Wikidata:Requests for permissions/Bot/DifoolBot 3
From Wikidata
Jump to navigation
Jump to search
- The following discussion is closed. Please do not modify it. Subsequent comments should be made in a new section. A summary of the conclusions reached follows.
- Approved--Ymblanter (talk) 18:35, 17 May 2024 (UTC)[reply]
DifoolBot (talk • contribs • new items • new lexemes • SUL • Block log • User rights log • User rights • xtools)
Operator: Difool (talk • contribs • logs)
Task/s: fill in empty English/French/German labels and basic statements for persons with a VIAF ID (P214) and a VIAF authority source GND ID (P227), IdRef ID (P269), Bibliothèque nationale de France ID (P268) or Library of Congress authority ID (P244)
Code: at Github
Function details: The bot iterates through:
- persons with a VIAF ID (P214) and a GND ID (P227) and an empty German label,
- persons with a VIAF ID (P214) and a IdRef ID (P269) and an empty French label,
- persons with a VIAF ID (P214) and a Bibliothèque nationale de France ID (P268) and an empty French label,
- persons with a VIAF ID (P214) and a Library of Congress authority ID (P244) and an empty English label.
And:
- Fills an empty English label with the name from the Library of Congress authority ID (P244) page,
- Fills an empty French label with the name from the Bibliothèque nationale de France ID (P268) and IdRef ID (P269) page,
- Fills an empty German label with the name from the GND ID (P227) page,
If the bot determines that the name should be in Eastern name order, then the label is not filled and the item is written to a report for manual checking- CHANGED AFTER FEEDBACK: If the country or the language associated with the person has a non-Latin script, then the label is not added. The country/language is determined by the data in GND/IdRef/BnF/LoC, i.e. associated country, language, and script of variant names. If no country/language is found, then the bot looks at the wikidata page itself and checks country of citizenship (P27), languages spoken, written or signed (P1412) and name in native language (P1559). If still no country/language is found, then the bot looks at the sitelinks. The found country/language is added to the edit summary.

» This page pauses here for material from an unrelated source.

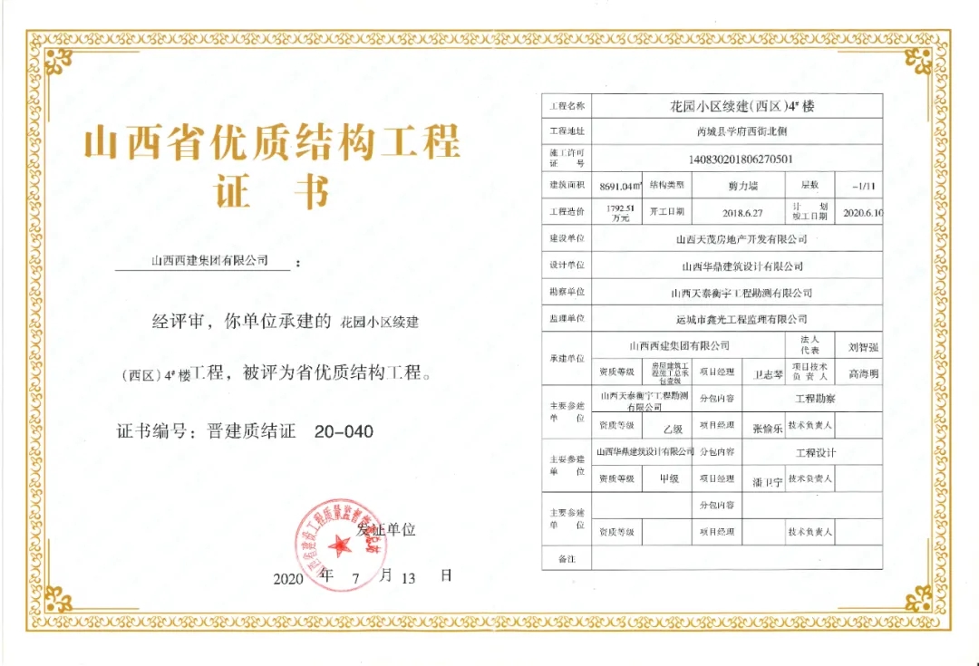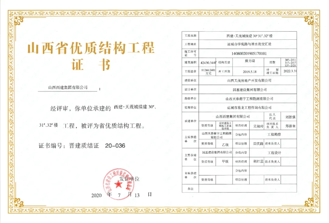 摘要:日前,山西省建設(shè)工程質(zhì)量監(jiān)督管理總站公布2020年第一批山西省優(yōu)質(zhì)結(jié)構(gòu)工程名單,其中:山西西建集團有限公司承建的西建·天茂城續(xù)建30#、31#、32#樓,新絳縣新城幼兒園,西建·金茂華府二期6#、10#樓,福苑西區(qū)3#樓,花園小區(qū)續(xù)建(西區(qū))4#樓,西建·天茂上郡1#,西建·天茂上郡3#樓7項工程同獲“山西省優(yōu)質(zhì)結(jié)構(gòu)工程”。

- Adds a sex or gender (P21), date of birth (P569), date of death (P570) statement if the item doesn't have such statement. Adds a reference if the statement exists but doesn't have a reference or only 'weak' references (based on heuristic (P887) or imported from Wikimedia project (P143)). The bot only adds the statement/reference if there is no conflict between the data in the GND/IdRef/BnF/LoC pages. For dates, only the date with the most precision is added. If multiple GND/IdRef/BnF/LoC pages list the same value, only one reference is added.
- Updates the external id value of the GND/IdRef/BnF/LoC statement, if the GND/IdRef/BnF/LoC page has a redirect or is not found.
Example edits that handle redirects of IdRef ID (P269) are here. If approved, I'll run the script every few months or so.
--Difool (talk) 07:00, 9 April 2024 (UTC)[reply]
- Support surely a good enrichment of the items; all the additions are IMHO uncontroversial, and improve the quality of the items; I have seen no issues in the example edits. Thanks very much for this! --Epìdosis 15:00, 15 April 2024 (UTC)[reply]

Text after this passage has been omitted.